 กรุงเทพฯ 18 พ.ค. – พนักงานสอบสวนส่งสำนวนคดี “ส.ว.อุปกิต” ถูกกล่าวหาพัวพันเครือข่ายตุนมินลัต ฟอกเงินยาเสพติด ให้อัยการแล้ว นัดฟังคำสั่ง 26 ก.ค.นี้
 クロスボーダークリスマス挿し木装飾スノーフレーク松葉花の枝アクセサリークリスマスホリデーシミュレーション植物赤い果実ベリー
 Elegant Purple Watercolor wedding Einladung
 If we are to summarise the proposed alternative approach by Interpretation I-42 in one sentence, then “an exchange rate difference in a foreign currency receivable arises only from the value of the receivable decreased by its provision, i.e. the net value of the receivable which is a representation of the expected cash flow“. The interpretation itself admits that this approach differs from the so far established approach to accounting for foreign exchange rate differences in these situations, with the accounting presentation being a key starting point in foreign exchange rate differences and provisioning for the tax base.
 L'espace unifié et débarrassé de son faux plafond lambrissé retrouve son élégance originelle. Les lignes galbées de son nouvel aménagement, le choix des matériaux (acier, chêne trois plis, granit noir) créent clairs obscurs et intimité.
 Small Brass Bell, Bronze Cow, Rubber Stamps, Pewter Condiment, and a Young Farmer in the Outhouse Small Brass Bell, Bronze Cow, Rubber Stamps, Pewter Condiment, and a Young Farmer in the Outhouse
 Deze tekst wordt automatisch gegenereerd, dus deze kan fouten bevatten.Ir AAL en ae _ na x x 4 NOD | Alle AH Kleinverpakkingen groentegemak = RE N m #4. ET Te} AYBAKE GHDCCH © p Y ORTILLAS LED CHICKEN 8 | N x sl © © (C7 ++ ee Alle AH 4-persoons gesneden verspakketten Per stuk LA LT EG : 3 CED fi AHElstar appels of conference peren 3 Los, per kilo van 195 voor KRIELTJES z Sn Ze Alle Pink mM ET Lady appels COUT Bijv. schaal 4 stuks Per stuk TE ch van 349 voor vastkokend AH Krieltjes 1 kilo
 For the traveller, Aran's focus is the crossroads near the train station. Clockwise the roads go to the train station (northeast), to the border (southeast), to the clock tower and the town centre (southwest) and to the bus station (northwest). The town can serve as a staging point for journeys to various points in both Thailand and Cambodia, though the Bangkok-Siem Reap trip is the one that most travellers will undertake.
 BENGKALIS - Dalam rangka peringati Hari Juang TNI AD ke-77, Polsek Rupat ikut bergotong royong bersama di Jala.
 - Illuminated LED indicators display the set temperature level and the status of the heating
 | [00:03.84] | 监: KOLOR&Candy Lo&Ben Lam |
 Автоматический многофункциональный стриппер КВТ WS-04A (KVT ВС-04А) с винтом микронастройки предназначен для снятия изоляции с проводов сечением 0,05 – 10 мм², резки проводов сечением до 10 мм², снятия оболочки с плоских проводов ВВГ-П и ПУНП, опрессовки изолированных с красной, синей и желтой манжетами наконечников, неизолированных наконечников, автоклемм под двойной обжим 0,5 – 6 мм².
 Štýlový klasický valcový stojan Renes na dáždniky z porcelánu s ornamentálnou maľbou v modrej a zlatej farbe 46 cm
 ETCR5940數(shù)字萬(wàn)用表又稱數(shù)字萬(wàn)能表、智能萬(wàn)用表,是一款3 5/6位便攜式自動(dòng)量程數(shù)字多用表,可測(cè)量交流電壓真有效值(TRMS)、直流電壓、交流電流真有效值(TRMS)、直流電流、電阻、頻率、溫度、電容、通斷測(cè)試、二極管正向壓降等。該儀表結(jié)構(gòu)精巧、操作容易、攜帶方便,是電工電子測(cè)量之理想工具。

* * *

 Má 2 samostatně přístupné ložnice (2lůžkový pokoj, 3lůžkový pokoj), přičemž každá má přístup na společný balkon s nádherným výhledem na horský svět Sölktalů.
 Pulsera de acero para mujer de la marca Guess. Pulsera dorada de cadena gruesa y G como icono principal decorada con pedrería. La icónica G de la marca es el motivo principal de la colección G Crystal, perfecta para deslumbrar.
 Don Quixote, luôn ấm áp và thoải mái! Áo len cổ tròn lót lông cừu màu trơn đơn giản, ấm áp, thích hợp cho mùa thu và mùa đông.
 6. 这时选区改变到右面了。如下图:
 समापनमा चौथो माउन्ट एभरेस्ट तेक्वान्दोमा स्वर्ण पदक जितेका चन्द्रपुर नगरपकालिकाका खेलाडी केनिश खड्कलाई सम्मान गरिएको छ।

==

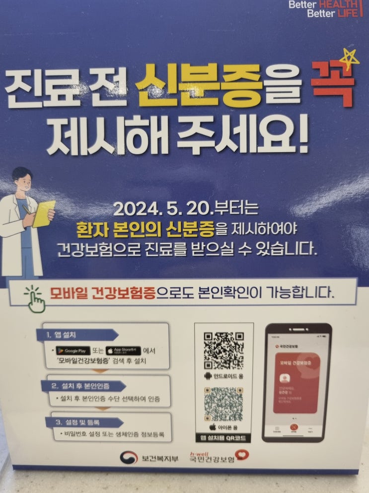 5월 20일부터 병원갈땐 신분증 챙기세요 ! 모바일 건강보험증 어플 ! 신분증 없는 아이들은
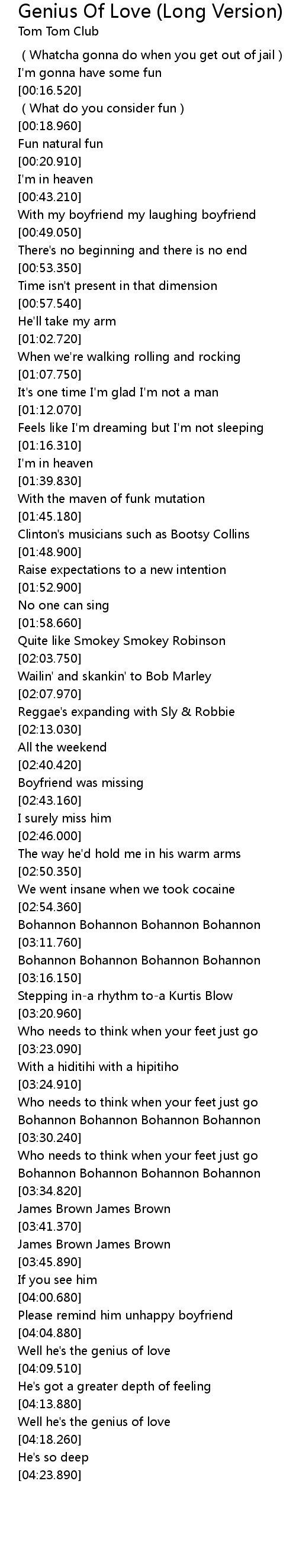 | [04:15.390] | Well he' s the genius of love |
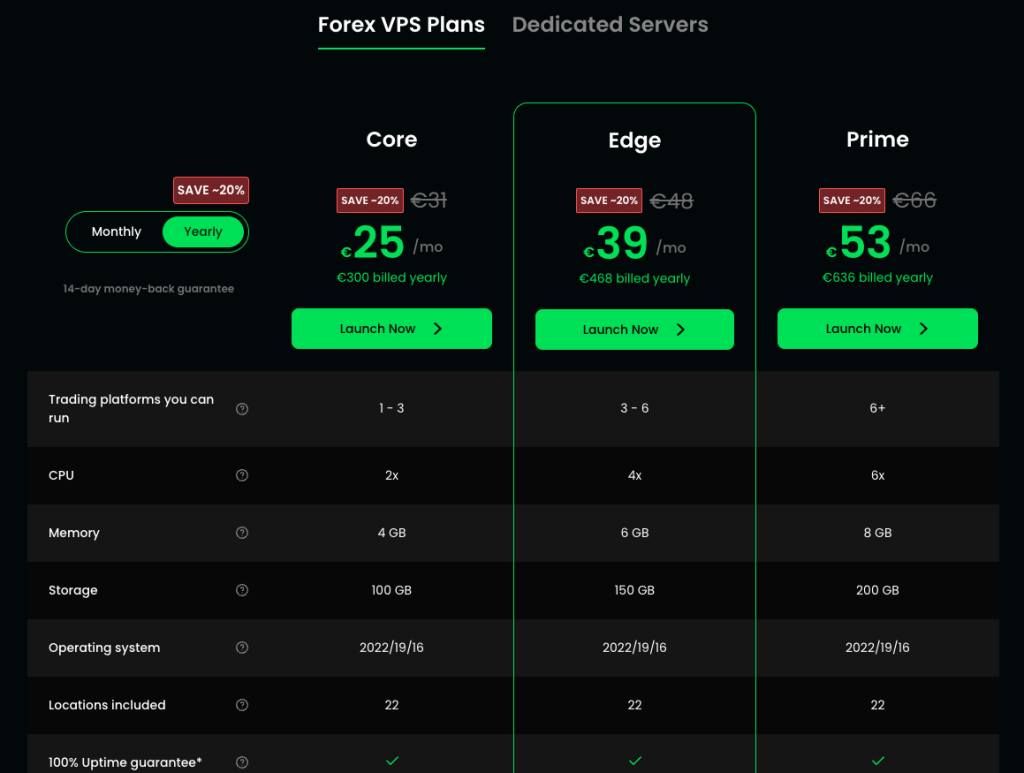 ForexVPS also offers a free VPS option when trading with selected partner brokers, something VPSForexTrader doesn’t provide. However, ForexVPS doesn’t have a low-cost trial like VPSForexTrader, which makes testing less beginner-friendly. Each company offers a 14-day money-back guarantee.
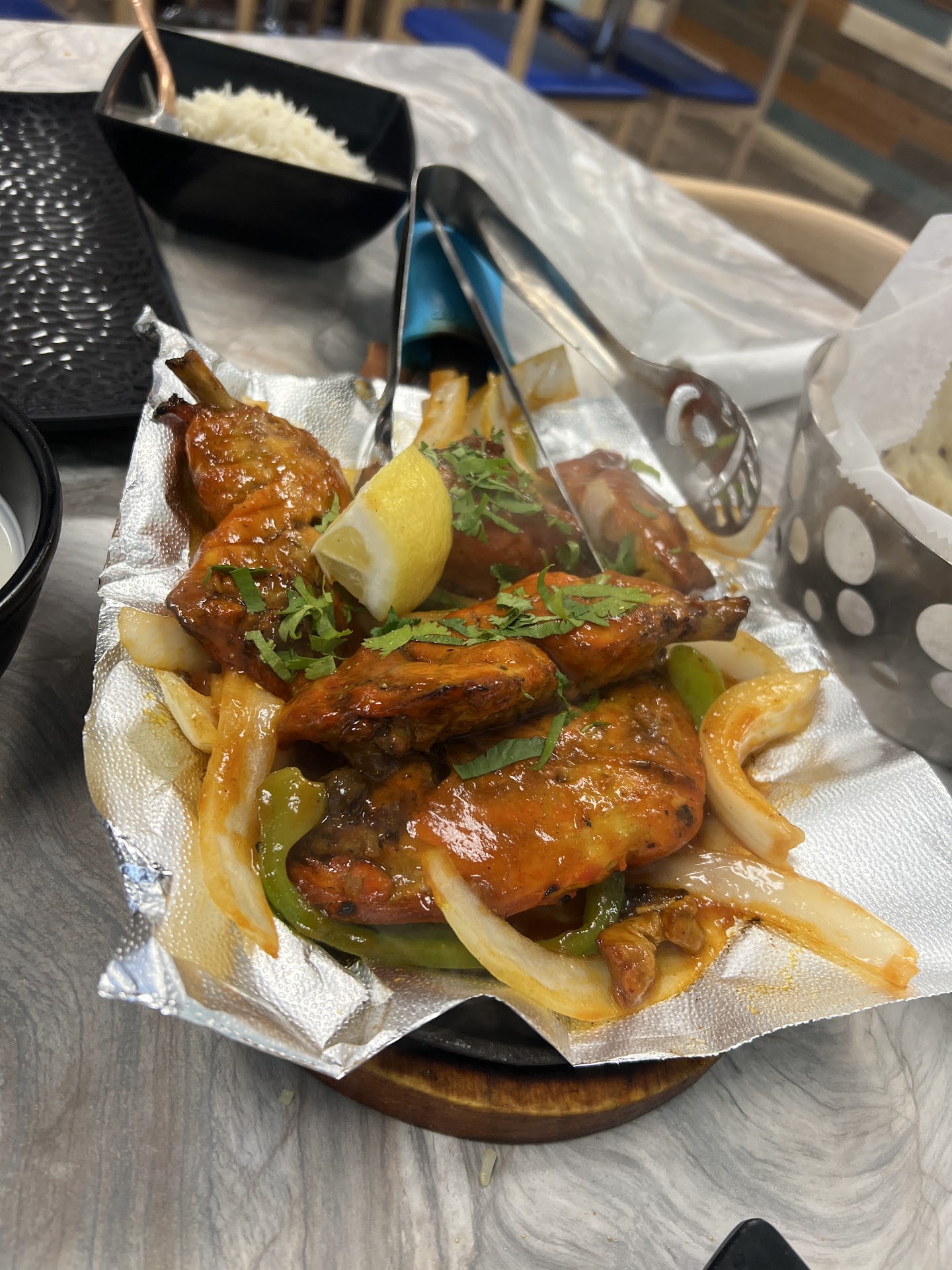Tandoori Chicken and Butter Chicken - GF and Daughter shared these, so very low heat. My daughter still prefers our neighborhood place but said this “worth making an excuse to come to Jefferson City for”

▸ Required action: Within the listing above, the range opens at the line with "- Illuminated LED" and closes at the line with "Lo&Ben Lam |". Reproduce exactly the lines of that range, including both ends.

▸ Task output:
 - Illuminated LED indicators display the set temperature level and the status of the heating
 | [00:03.84] | 监: KOLOR&Candy Lo&Ben Lam |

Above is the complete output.